- _THE INPUT_:
---------------
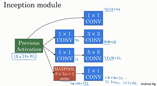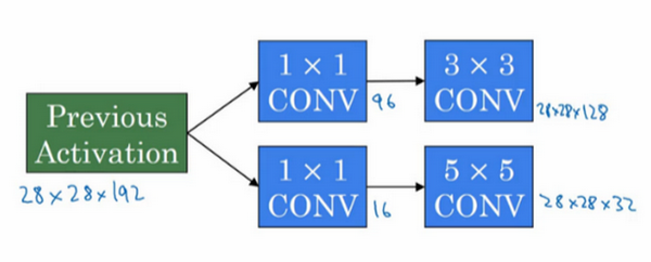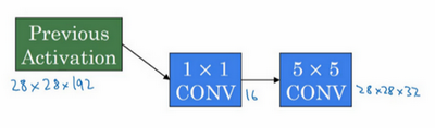 Inception模块会将之前层的激活或者输出作为它的输入,作为前提,这是一个28×28×192的输入,和我们之前视频中的一样。我们详细分析过的例子是,先通过一个1×1的层,再通过一个5×5的层,1×1的层可能有16个通道,而5×5的层输出为28×28×32,共32个通道,这就是上个视频最后讲到的我们处理的例子。
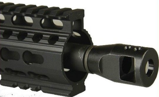 The AR competition muzzle brake redirects propellant gasses and reduces recoil and flash dramatically.
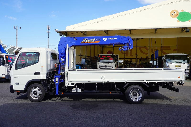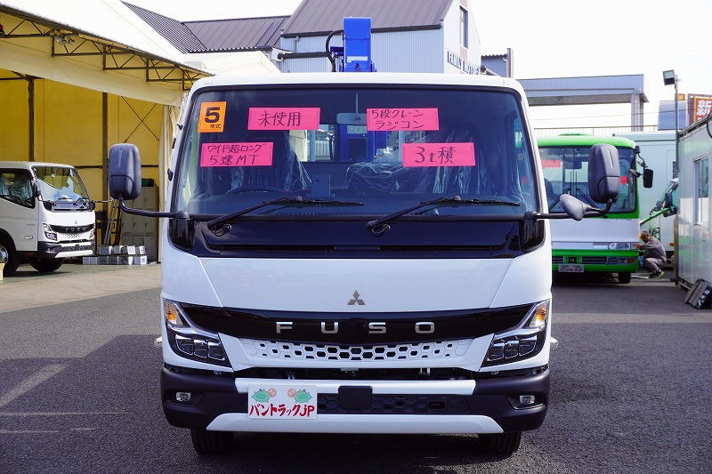 在庫No.K-0118 (未使用) キャンター 「ワイド超ロング」 5段クレーン 積載3000kg タダノ製 ラジコン フックイン 2.93t吊 左電格ミラー LEDヘッドライト&フォグランプ スマートキー 衝突軽減ブレーキ 車線逸脱警報 5速MT!
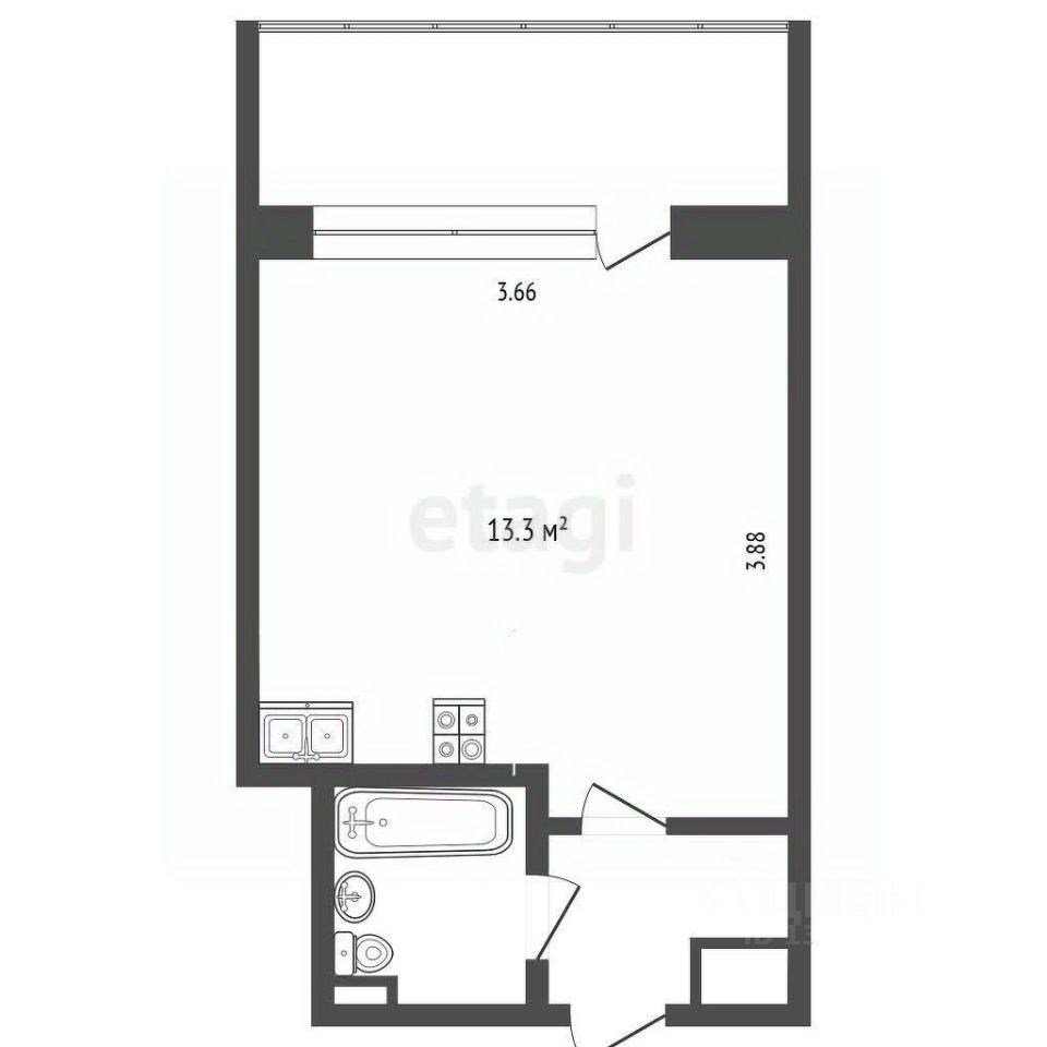 Площадь 17 кв.м., застекленный и утепленный балкон.
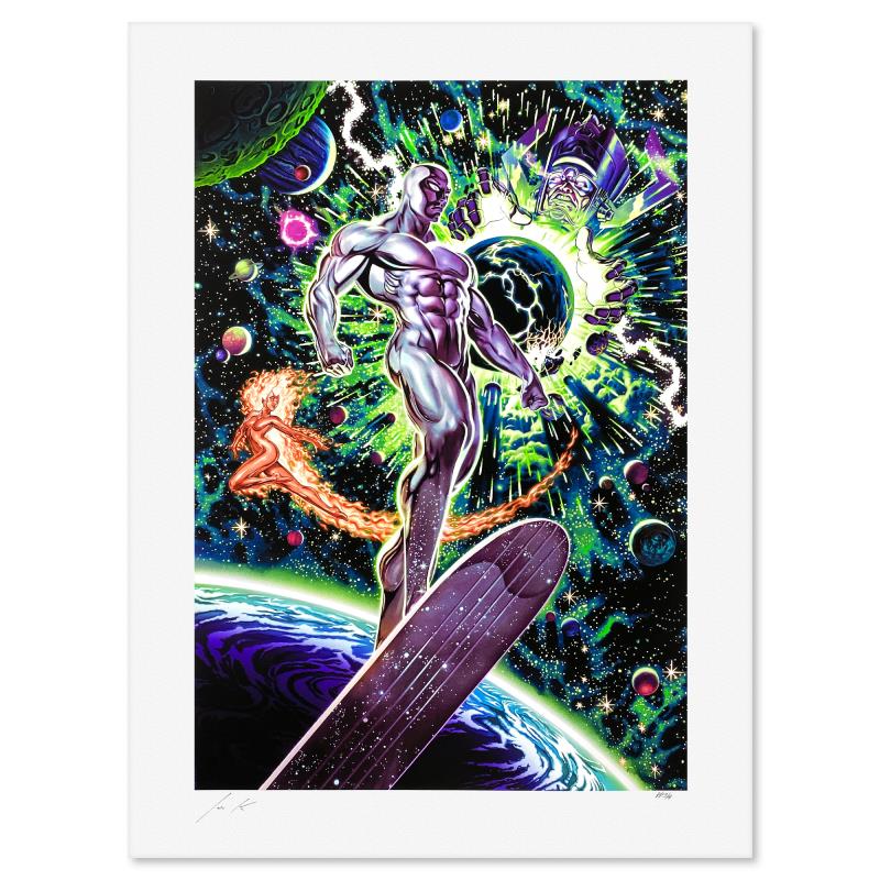 "Heralds of Galactus" is a limited edition giclee on paper by John Keaveney, PP numbered 3/4 and bearing the authorized signature of the artist. Includes Letter of Authenticity. Measures approx. 24" x 18" (border) 20" x 14" (image).
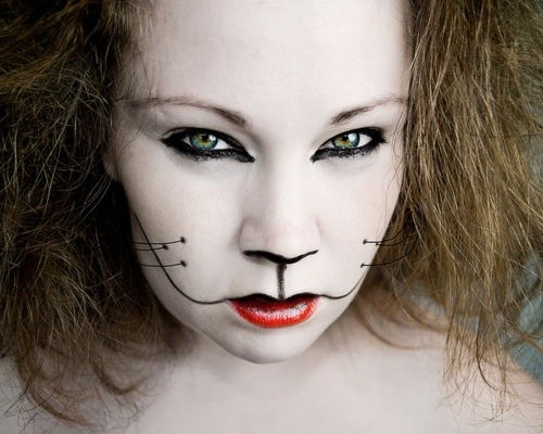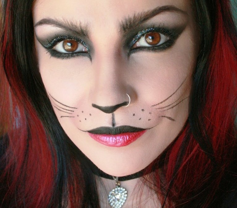 Нередко девушки выбирают на Хэллоуин макияж кошки. Кошки — это животные, известные своей элегантностью, красотой и гордым нравом, поэтому многим нравится ассоциировать себя именно с этими животными. Такой макияж будет очень уместен во время праздника. К тому же, сделать его совсем легко. Нужно нарисовать черный нос и провести линию к верхней губе. Затем можете обвести черным и сами губы, а также нарисовать или наклеить кошачьи усы
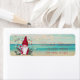 Gnome mit Kiefernästen, Süßigkeiten und Schneeflocken im Hintergrund. Ein elegantes und raffiniertes Design. Passen Sie Ihre Namen und Adressdaten an.
---------------
- _WHAT IS EXPECTED_:
What this calls for is the material above set down exactly, pictures excluded.

- _ANSWER TO THIS PROBLEM_:
 Inception模块会将之前层的激活或者输出作为它的输入,作为前提,这是一个28×28×192的输入,和我们之前视频中的一样。我们详细分析过的例子是,先通过一个1×1的层,再通过一个5×5的层,1×1的层可能有16个通道,而5×5的层输出为28×28×32,共32个通道,这就是上个视频最后讲到的我们处理的例子。
 The AR competition muzzle brake redirects propellant gasses and reduces recoil and flash dramatically.
 在庫No.K-0118 (未使用) キャンター 「ワイド超ロング」 5段クレーン 積載3000kg タダノ製 ラジコン フックイン 2.93t吊 左電格ミラー LEDヘッドライト&フォグランプ スマートキー 衝突軽減ブレーキ 車線逸脱警報 5速MT!
 Площадь 17 кв.м., застекленный и утепленный балкон.
 "Heralds of Galactus" is a limited edition giclee on paper by John Keaveney, PP numbered 3/4 and bearing the authorized signature of the artist. Includes Letter of Authenticity. Measures approx. 24" x 18" (border) 20" x 14" (image).
 Нередко девушки выбирают на Хэллоуин макияж кошки. Кошки — это животные, известные своей элегантностью, красотой и гордым нравом, поэтому многим нравится ассоциировать себя именно с этими животными. Такой макияж будет очень уместен во время праздника. К тому же, сделать его совсем легко. Нужно нарисовать черный нос и провести линию к верхней губе. Затем можете обвести черным и сами губы, а также нарисовать или наклеить кошачьи усы
 Gnome mit Kiefernästen, Süßigkeiten und Schneeflocken im Hintergrund. Ein elegantes und raffiniertes Design. Passen Sie Ihre Namen und Adressdaten an.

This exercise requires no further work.